> _GIVEN INFORMATION_:
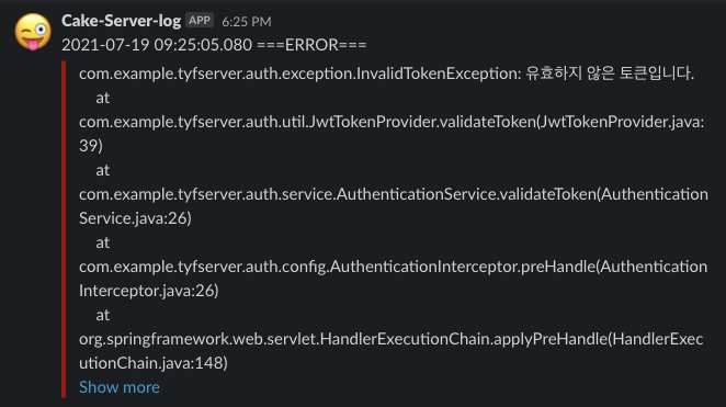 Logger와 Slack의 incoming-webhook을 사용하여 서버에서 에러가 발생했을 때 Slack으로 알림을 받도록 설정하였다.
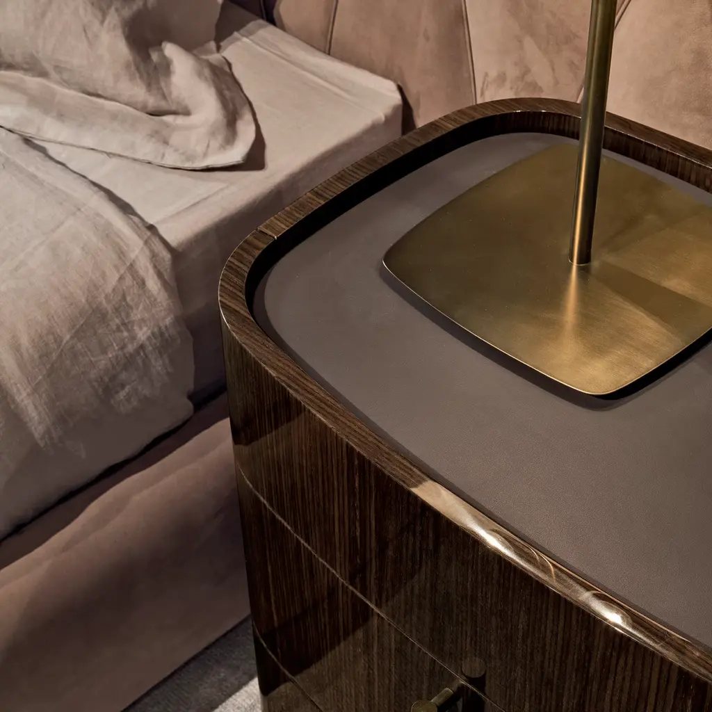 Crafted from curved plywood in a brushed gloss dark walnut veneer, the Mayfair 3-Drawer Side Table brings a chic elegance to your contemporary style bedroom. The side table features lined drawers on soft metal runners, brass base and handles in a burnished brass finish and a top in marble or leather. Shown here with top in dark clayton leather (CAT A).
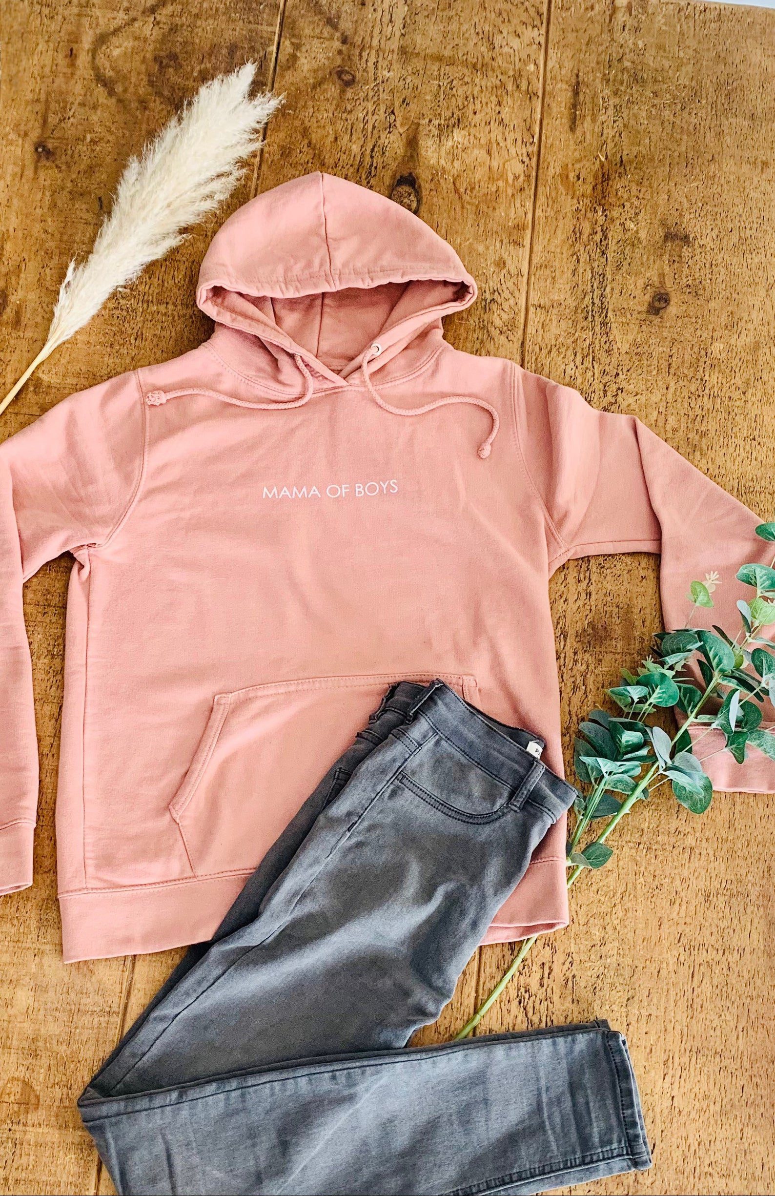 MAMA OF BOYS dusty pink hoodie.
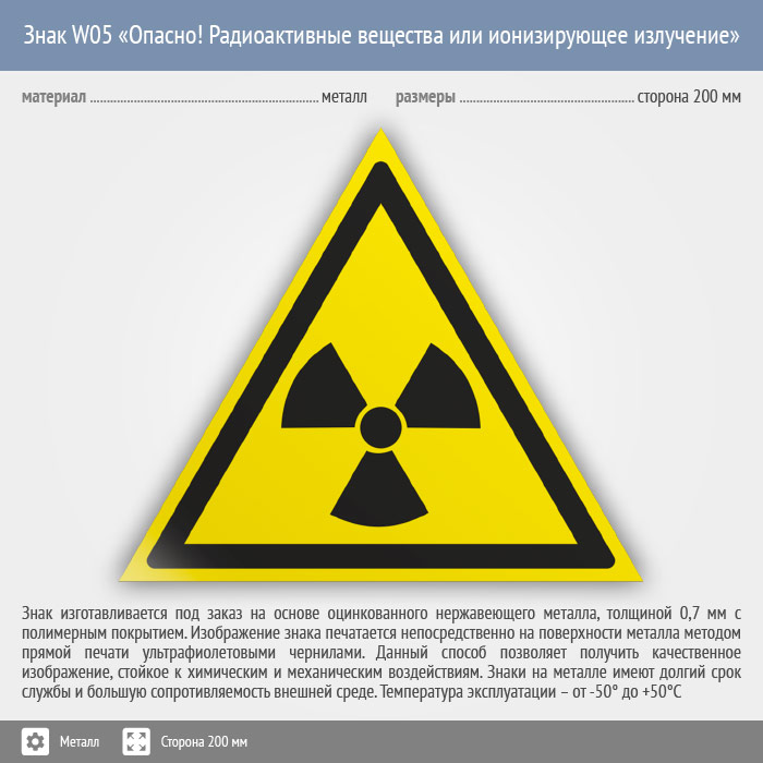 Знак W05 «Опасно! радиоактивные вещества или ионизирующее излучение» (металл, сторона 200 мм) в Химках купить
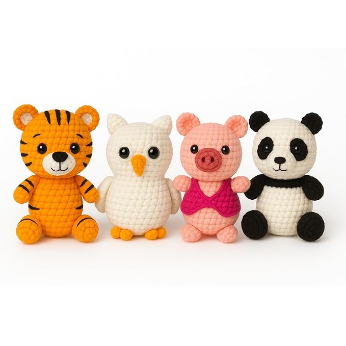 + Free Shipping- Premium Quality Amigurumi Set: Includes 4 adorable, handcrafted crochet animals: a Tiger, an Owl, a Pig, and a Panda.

> _EXERCISE DETAILS_: Your answer must be the lines from the one containing "в Химках купить" through the last line of the listing above, restated word for word, with no pictures.

> _ANSWER BOX_:
 Знак W05 «Опасно! радиоактивные вещества или ионизирующее излучение» (металл, сторона 200 мм) в Химках купить
 + Free Shipping- Premium Quality Amigurumi Set: Includes 4 adorable, handcrafted crochet animals: a Tiger, an Owl, a Pig, and a Panda.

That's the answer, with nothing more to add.